### Exercise data
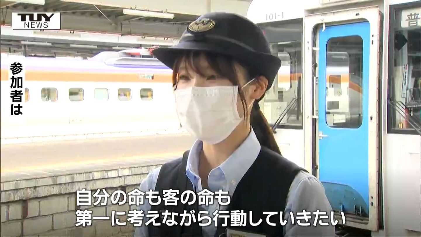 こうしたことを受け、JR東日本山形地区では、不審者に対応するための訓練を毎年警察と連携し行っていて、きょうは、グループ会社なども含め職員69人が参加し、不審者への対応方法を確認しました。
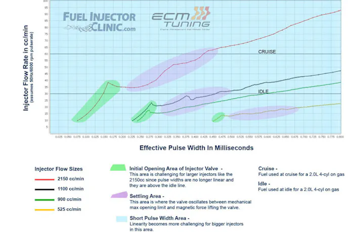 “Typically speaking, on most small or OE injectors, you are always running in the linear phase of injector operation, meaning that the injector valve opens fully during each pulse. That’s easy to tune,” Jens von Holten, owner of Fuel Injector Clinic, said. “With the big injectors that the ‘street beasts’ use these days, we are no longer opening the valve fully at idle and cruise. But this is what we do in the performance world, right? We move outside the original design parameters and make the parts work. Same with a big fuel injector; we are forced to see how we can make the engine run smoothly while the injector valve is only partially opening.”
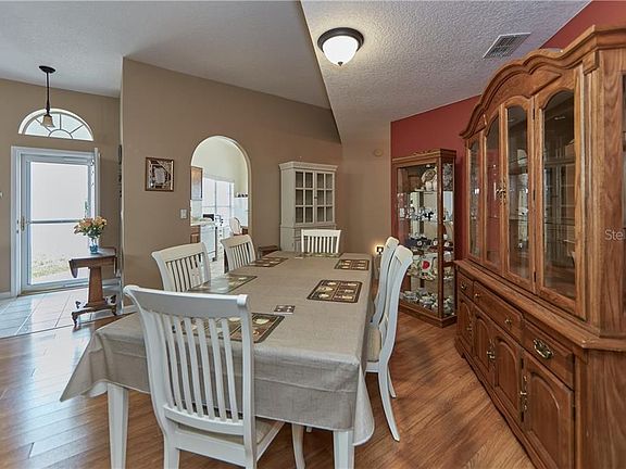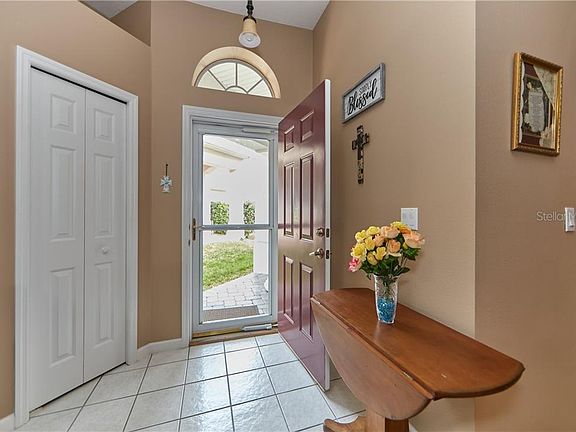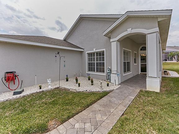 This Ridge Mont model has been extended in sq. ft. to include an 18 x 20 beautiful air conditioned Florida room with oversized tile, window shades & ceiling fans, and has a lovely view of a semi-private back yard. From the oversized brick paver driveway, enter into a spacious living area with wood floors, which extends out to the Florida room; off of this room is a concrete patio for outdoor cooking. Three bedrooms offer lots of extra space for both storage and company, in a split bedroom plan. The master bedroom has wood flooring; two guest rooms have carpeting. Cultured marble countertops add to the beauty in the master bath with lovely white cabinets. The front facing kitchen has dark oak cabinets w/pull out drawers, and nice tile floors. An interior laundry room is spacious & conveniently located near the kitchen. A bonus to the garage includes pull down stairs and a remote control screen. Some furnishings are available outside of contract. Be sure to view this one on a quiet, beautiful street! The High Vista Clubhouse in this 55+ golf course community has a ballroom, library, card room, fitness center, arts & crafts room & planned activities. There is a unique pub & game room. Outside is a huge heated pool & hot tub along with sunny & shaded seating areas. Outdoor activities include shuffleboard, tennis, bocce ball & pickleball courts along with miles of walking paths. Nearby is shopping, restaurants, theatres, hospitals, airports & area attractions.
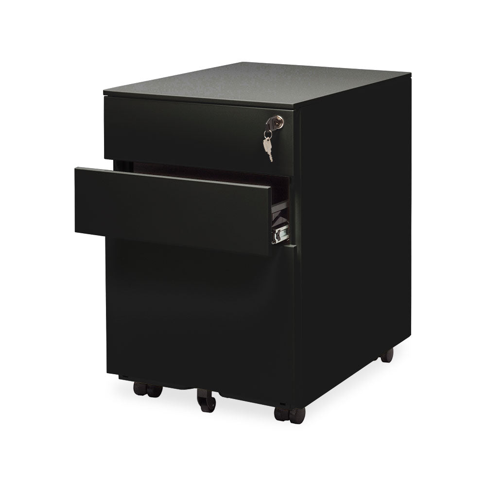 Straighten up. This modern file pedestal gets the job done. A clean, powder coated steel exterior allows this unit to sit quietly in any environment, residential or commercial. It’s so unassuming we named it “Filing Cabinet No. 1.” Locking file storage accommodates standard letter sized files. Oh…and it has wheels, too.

--

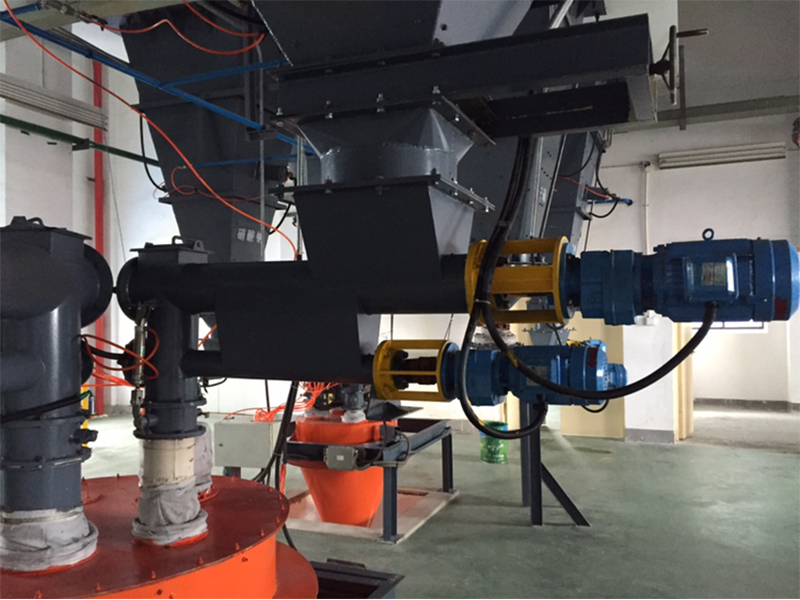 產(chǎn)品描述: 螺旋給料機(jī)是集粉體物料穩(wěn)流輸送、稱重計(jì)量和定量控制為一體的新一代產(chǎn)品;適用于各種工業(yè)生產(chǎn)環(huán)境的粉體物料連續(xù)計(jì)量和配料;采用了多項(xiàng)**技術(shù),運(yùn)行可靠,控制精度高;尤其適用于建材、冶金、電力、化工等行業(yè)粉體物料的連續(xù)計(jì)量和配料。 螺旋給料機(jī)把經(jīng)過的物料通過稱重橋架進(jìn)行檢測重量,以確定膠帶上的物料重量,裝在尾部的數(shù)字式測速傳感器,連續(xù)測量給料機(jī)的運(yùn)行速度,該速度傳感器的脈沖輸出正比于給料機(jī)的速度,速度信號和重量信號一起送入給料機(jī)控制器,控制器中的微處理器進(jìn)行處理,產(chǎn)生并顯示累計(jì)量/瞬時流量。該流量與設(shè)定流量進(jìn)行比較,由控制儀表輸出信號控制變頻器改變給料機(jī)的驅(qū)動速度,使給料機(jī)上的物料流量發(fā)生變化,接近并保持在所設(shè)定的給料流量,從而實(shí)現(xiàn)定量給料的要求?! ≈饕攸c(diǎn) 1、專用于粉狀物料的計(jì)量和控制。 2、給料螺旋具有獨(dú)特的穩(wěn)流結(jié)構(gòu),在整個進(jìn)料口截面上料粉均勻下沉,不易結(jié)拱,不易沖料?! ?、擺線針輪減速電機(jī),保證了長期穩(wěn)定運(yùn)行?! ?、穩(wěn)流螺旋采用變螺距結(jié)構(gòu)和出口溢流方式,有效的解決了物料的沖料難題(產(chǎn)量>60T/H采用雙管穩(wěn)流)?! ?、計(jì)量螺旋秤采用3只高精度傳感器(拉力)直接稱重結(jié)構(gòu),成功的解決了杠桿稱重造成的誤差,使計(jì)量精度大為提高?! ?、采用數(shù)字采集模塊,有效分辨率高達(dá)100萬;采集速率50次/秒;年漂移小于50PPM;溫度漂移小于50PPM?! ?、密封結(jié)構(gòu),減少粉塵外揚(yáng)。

### Problem to solve
Look above for the line containing "こうしたことを受け、JR東日", then write out every line from there down to the line containing "speaking, on most", that line included, with no pictures.

### Problem solution
 こうしたことを受け、JR東日本山形地区では、不審者に対応するための訓練を毎年警察と連携し行っていて、きょうは、グループ会社なども含め職員69人が参加し、不審者への対応方法を確認しました。
 “Typically speaking, on most small or OE injectors, you are always running in the linear phase of injector operation, meaning that the injector valve opens fully during each pulse. That’s easy to tune,” Jens von Holten, owner of Fuel Injector Clinic, said. “With the big injectors that the ‘street beasts’ use these days, we are no longer opening the valve fully at idle and cruise. But this is what we do in the performance world, right? We move outside the original design parameters and make the parts work. Same with a big fuel injector; we are forced to see how we can make the engine run smoothly while the injector valve is only partially opening.”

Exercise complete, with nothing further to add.